Features of Sphinx
- Quick index creation: An index of nearly 1 million records can be created in about 3 minutes, and the incremental index method is used to rebuild the index very quickly.
- Lightning-fast retrieval speed: Despite the large data volume of 10 million pieces, the data query speed is above milliseconds, and the average query speed for 2-4G text volume is less than 0.1 seconds.
- The retrieval API is designed for many scripting languages, such as PHP, Python, Perl , Ruby, etc., so you can easily call Sphinx related interfaces in most programming applications.
- There's a storage engine plugin designed for MySQL, so if you use Sphinx on MySQL, it's a no-brainer.
- Support distributed search, can scale system performance horizontally.
PHP+MySQL+Sphinx search engine architecture diagram
Install Sphinx in MySQL
There are two ways to install Sphinx on MySQL:
- The first method is to use API calls. We can use the API functions of programming languages such as PHP, Python, Perl , Ruby, etc. to query. This method does not need to recompile MySQL, and the changes between modules are relatively small and relatively flexible.
- The second method is to recompile MySQL and compile Sphinx into MySQL as a plug-in. This method requires less changes to the program and only needs to change the SQL statement, but the premise is that your MySQL version must be above 5.1.
The following is the first installation method:
#Download the latest stable version
wget http://www.sphinxsearch.com/downloads/sphinx-0.9.9.tar.gz
tar xzvf sphinx-0.9.9.tar.gz
cd sphinx-0.9.9
./configure --prefix=/usr/local/sphinx/ --with-mysql --enable-id64
make
make install
Sphinx Chinese word segmentation plugin Coreseek installation
Note: The installation tutorial of coreseek comes from here , the following is the detailed process:
Install and upgrade autoconf
Because coreseek requires autoconf 2.64 or later, autoconf needs to be upgraded, otherwise an error will be reported. Download autoconf-2.64.tar.bz2 from http://download.chinaunix.net/download.php?id=29328&ResourceID=648 . The installation method is as follows:
tar -jxvf autoconf-2.64.tar.bz2
cd autoconf-2.64
./configure
make
make install
download coreseek
The new version of coreseek puts the dictionary and sphinx source in one package, so just download the coreseek package.
wget http://www.wapm.cn/uploads/csft/3.2/coreseek-3.2.14.tar.gz
Install mmseg (dictionary used by coreseek)
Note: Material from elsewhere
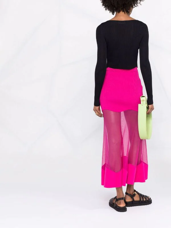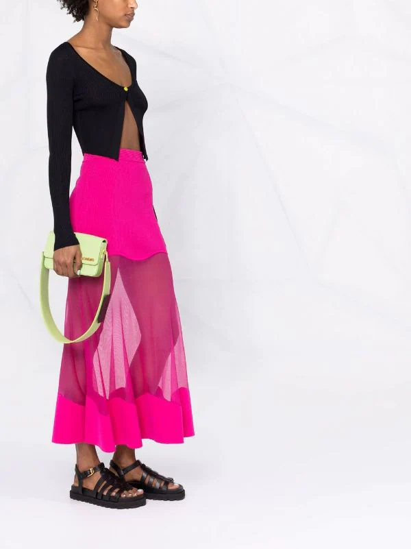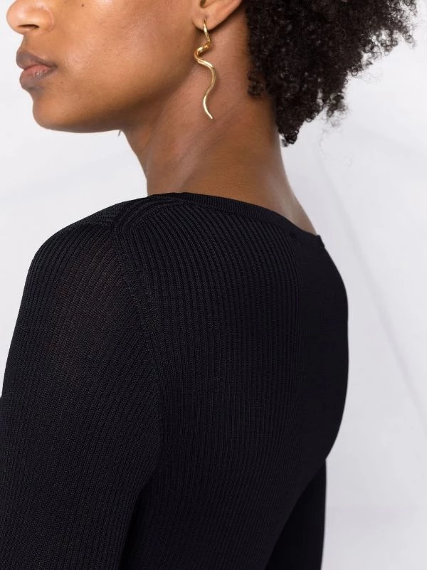 Noir, maille nervurée, encolure arrondie, bouton unique au dos, devant ouvert, manches longues, coupe courte.

tar xzvf coreseek-3.2.14.tar.gz
cd mmseg-3.2.14
./bootstrap #The warning information output can be ignored. If an error occurs, it needs to be resolved./configure
--prefix=/usr/ local /mmseg3
make && make install
cd ..
Install coreseek (sphinx)
cd csft-3.2.14
sh buildconf.sh #The warning information output can be ignored. If an error occurs, it needs to be resolved./configure
--prefix=/usr/ local /coreseek --without-unixodbc --with-mmseg --with-mmseg-includes=/ usr/ local /mmseg3/include/mmseg/ --with-mmseg-libs=/usr/ local /mmseg3/lib/ --with-mysql
make && make install
cd ..
Test mmseg word segmentation and coreseek search
Remarks: It is necessary to pre-set the character set to zh_CN.UTF-8 to ensure that Chinese is displayed correctly. My system character set is also en_US.UTF-8.
cd testpack
cat var/ test /test.xml #This should display Chinese correctly
/usr/ local /mmseg3/bin/mmseg -d /usr/ local /mmseg3/etc var/ test /test.xml
/usr/local/coreseek/bin/indexer -c etc/csft.conf --all
/usr/ local /coreseek/bin/search -c etc/csft.conf web search
At this point the correct one should return
words:
1. 'Network' : 1 documents, 1 hits
2. 'Search' : 2 documents, 5 hits
Generate mmseg thesaurus and configuration files
The new version has been automatically generated.
Summarize
As a high-performance SQL full-text search engine, Sphinx deserves continued attention from developers, especially its multi-language API support, which makes it easier for developers to apply.